**** SUPPLIED DATA ****

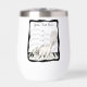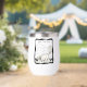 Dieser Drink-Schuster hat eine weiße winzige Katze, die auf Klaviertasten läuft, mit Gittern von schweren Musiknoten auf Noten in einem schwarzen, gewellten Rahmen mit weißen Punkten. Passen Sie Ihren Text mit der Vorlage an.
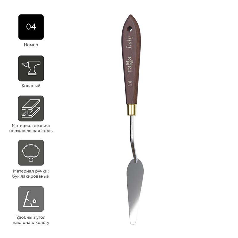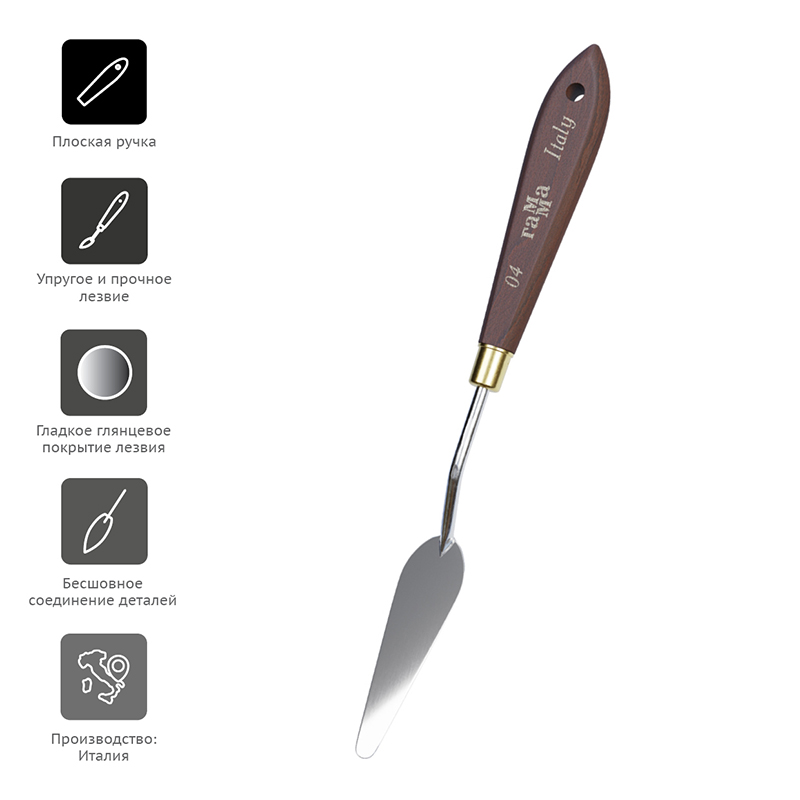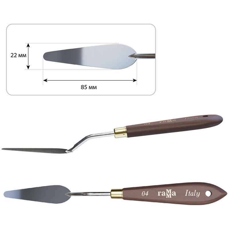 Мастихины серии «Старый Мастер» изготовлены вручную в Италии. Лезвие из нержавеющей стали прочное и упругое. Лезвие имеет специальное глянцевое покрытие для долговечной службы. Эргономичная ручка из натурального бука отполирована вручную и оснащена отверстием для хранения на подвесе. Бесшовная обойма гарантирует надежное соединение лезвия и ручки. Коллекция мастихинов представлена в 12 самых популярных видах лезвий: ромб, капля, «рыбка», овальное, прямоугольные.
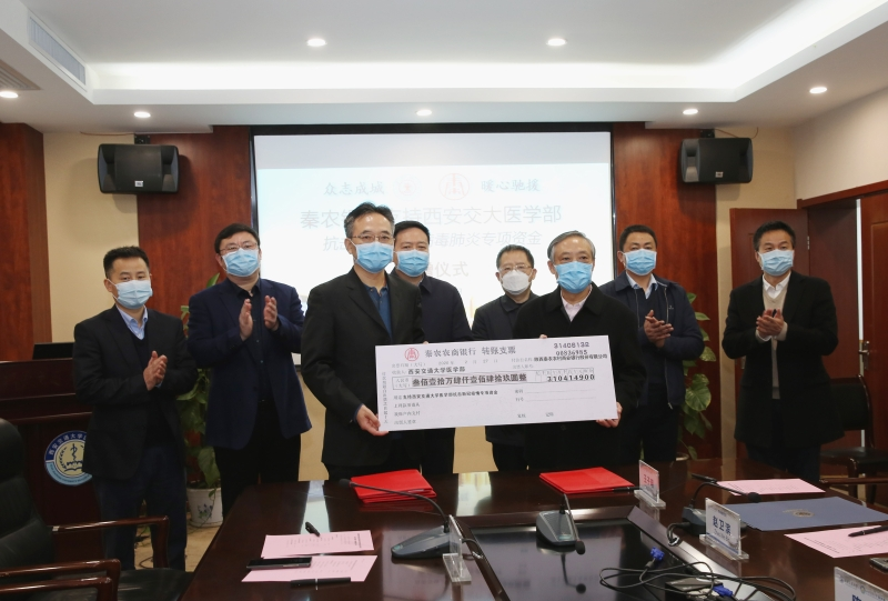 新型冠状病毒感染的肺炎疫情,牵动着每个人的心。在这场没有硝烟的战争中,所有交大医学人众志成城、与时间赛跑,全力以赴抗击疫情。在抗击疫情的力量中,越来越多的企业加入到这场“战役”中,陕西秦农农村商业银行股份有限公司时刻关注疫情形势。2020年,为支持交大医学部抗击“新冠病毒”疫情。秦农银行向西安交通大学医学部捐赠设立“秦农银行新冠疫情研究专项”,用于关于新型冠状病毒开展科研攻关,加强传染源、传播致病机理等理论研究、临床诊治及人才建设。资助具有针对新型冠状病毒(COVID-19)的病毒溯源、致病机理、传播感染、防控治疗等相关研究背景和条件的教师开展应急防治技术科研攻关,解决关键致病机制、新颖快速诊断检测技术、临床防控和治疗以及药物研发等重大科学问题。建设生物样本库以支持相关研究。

****
**** SUPPLIED DATA ****

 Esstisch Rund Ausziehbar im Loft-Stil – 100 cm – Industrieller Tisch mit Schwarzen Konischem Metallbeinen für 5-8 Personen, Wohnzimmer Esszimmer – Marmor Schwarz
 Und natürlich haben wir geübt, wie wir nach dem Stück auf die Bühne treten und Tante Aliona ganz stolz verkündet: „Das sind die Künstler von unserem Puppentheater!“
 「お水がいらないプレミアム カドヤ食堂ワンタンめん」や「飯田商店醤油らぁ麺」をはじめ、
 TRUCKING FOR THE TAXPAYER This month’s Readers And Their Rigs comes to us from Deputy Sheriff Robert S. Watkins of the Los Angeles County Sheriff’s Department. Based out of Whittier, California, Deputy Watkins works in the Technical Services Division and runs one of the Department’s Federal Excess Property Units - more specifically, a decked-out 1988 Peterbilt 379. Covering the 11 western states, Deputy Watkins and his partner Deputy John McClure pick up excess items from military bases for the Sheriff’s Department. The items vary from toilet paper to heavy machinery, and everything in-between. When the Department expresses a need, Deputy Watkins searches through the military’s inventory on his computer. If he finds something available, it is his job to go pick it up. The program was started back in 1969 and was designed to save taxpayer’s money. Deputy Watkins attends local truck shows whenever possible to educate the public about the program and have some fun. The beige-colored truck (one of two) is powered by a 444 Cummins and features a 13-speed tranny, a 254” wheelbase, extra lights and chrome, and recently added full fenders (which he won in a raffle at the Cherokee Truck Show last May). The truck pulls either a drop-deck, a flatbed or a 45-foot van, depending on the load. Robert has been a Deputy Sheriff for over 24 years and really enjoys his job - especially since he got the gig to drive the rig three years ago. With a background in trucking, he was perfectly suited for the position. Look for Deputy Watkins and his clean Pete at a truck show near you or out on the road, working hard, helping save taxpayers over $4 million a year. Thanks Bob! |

****

WHAT TO PRODUCE: Given the entries above, transcribe exactly the lines from the one holding "изготовлены вручную в" through the one holding "新型冠状病毒感染的肺炎疫情,牵动着每个人"; pictures do not belong in the transcription.

WRITTEN SOLUTION:
 Мастихины серии «Старый Мастер» изготовлены вручную в Италии. Лезвие из нержавеющей стали прочное и упругое. Лезвие имеет специальное глянцевое покрытие для долговечной службы. Эргономичная ручка из натурального бука отполирована вручную и оснащена отверстием для хранения на подвесе. Бесшовная обойма гарантирует надежное соединение лезвия и ручки. Коллекция мастихинов представлена в 12 самых популярных видах лезвий: ромб, капля, «рыбка», овальное, прямоугольные.
 新型冠状病毒感染的肺炎疫情,牵动着每个人的心。在这场没有硝烟的战争中,所有交大医学人众志成城、与时间赛跑,全力以赴抗击疫情。在抗击疫情的力量中,越来越多的企业加入到这场“战役”中,陕西秦农农村商业银行股份有限公司时刻关注疫情形势。2020年,为支持交大医学部抗击“新冠病毒”疫情。秦农银行向西安交通大学医学部捐赠设立“秦农银行新冠疫情研究专项”,用于关于新型冠状病毒开展科研攻关,加强传染源、传播致病机理等理论研究、临床诊治及人才建设。资助具有针对新型冠状病毒(COVID-19)的病毒溯源、致病机理、传播感染、防控治疗等相关研究背景和条件的教师开展应急防治技术科研攻关,解决关键致病机制、新颖快速诊断检测技术、临床防控和治疗以及药物研发等重大科学问题。建设生物样本库以支持相关研究。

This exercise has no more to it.